2. Nach der Lebenserfahrung ist davon auszugehen, dass in solchen Fällen der ungetreue Mitunternehmer das Bestehen des Anspruchs solange wie möglich bestreiten wird.
3. Der ungetreue Gesellschafter kann in seiner Sonderbilanz eine Rückstellung wegen der zu erwartenden Inanspruchnahme durch die Gesellschaft oder die geschädigten Gesellschafter jedenfalls solange nicht bilden, wie die geschädigten Gesellschafter von der Veruntreuung keine Kenntnis haben.
Normenkette
§ 15 Abs. 1 Satz 1 Nr. 2 EStG, § 76 Abs. 1 FGO
Sachverhalt
An einer doppelstöckigen KG waren Vater, Sohn und ein Dritter beteiligt. Die KG bezog Waren von verschiedenen Herstellern zu überhöhten Preisen. Aus den Überpreisen erhielten Sohn und Dritter nach den Feststellungen der Steuerfahndung verdeckte Rückzahlungen. Das FA erließ entsprechend erhöhte Gewinnfeststellungsbescheide und rechnete die Mehrgewinne allen Gesellschaftern zu. Während des Verfahrens über die nach erfolglosem Einspruch erhobenen Klagen verstarb der Vater, der seinen Sohn aufgrund der Erkenntnisse der Steuerfahndung enterbt und stattdessen seinen Enkel zum Erben bestimmt hatte.
Nach Ergehen des klageabweisenden Urteils legte der Dritte in einem Schadenersatzverfahren ein Geständnis ab und erklärte, auf Weisung des Sohnes tätig geworden zu sein. Der Vater habe von allem nichts gewusst.
Entscheidung
Der BFH hob das FG-Urteil wegen eines Verfahrensfehlers auf. Das FG hätte zu Unrecht die Vernehmung des Sohnes abgelehnt.
Der Verfahrensfehler sei nicht deshalb unbeachtlich, weil aus anderen Gründen zutreffend entschieden worden sei. Insbesondere sei die Gewinnverteilung nicht zweifelsfrei zutreffend erfolgt. Ausnahmsweise sei ein Mehrgewinn nicht der Gesamthand zuzurechnen. Dafür habe das FG zu hohe Anforderungen gestellt.
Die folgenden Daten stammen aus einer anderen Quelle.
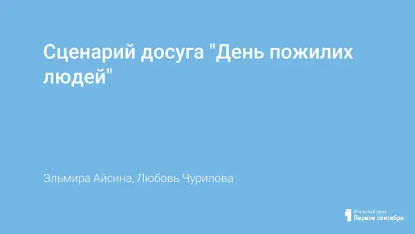 Наряду с основными праздниками, которые проводятся с воспитанниками в дошкольных учреждениях, целесообразно, на наш взгляд, проводить досуги на различные тематики. Одним из таких досугов является «День пожилых людей». Отмечать его в детском саду очень важно, ведь именно здесь закладывается начало всему прекрасному, и, в том числе, любовь и уважение к старшему поколению.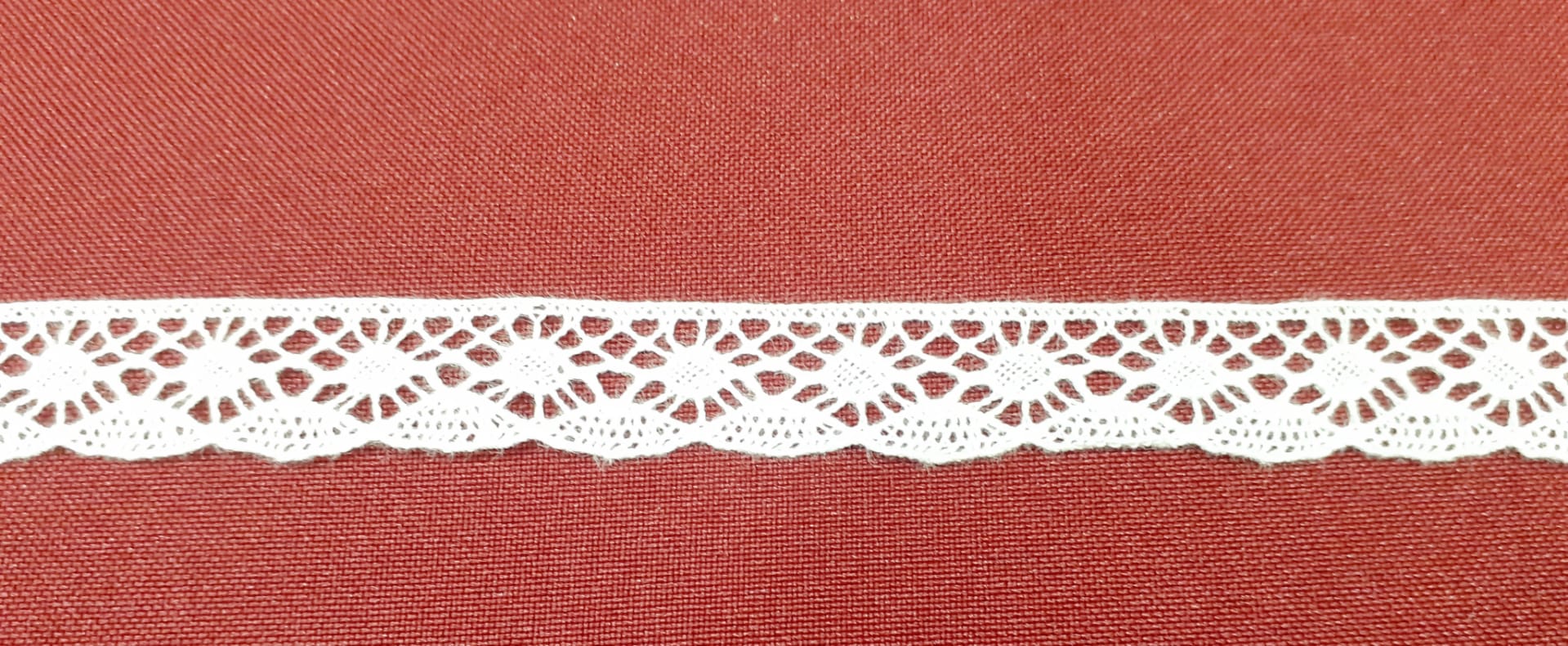 Ponta de renda com ondinhas 4034 0,01 € Partilhar Adicionar Contactar 195 unidades em stock Ponta de renda 100% algodão com ondinhas em branco 14mm Ideal para pontas de bainha, decoração de toalhas, cortinados, panos de tabuleiro, decoração de vestuário de criança e adulto. Corte mínimo 20cm

Im zweiten Rechtsgang müsse das FG feststellen, ob Sohn und Dritter tatsächlich Einnahmen in ihren eigenen Vermögensbereich geleitet hätten und ob zum Bilanzstichtag bereits ein Ersatzanspruch hätte berücksichtigt werden können.
Hinweis
1. Dem Urteil liegt ein komplexer Sachverhalt zugrunde, dessen Lösung viele Rechts- und Verfahrensfragen berührt. Wichtig waren dem BFH allerdings vor allem die Fragen, die im Zusammenhang mit der Verteilung eines Gewinns stehen, den ein Personengesellschafter heimlich für sich vereinnahmt hat.
2. Grundsätzlich wird jeder Gewinn, der der Gesellschaft zusteht, auch dieser zugerechnet. Das bedeutet, dass der nach Aufdeckung einer Steuerverkürzung festzustellende Mehrgewinn allen Mitunternehmern nach dem allgemeinen Gewinnverteilungsschlüssel zuzurechnen ist.
Anders ist es jedoch, wenn ein Gesellschafter zu seinen Gunsten an der Gesellschaft vorbei gewirtschaftet hat. In einem solchen Fall ist nach dem Besprechungsurteil grundsätzlich von Sonderbetriebseinnahmen des betreffenden Gesellschafters auszugehen, sodass den anderen Gesellschaftern keine Teile des betreffenden Gewinns zugerechnet werden. Eine Ausnahme davon gilt nur, wenn die Gesellschaft selbst von den Vorgängen weiß, einen Ersatzanspruch gegen den Gesellschafter hat und dieser Anspruch gegenüber dem Gesellschafter auch erfolgreich geltend gemacht werden kann. Hierzu muss er unbestritten und werthaltig sein. Diese Voraussetzungen dürften nur selten vorliegen, denn der Gesellschafter wird den Anspruch so lange wie möglich bestreiten.
3. Werden die heimlich erzielten Einnahmen nach diesen Grundsätzen dem Gesellschafter zugerechnet, würden die betreffenden Sonderbetriebseinnahmen allerdings zu keinem Gewinnausweis führen, wenn der betreffende Gesellschafter in seiner Sonderbilanz eine Rückstellung für die zu befürchtenden Schadenersatzansprüche der Gesellschaft bilden könnte. Diese Rückstellung versagt der BFH jedoch jedenfalls für die Zeit, in der die Gesellschaft von den Machenschaften des Gesellschafters keine Kenntnis hat. Es fehlt dann an der für eine Rückstellung immer erforderlichen Wahrscheinlichkeit der Inanspruchnahme.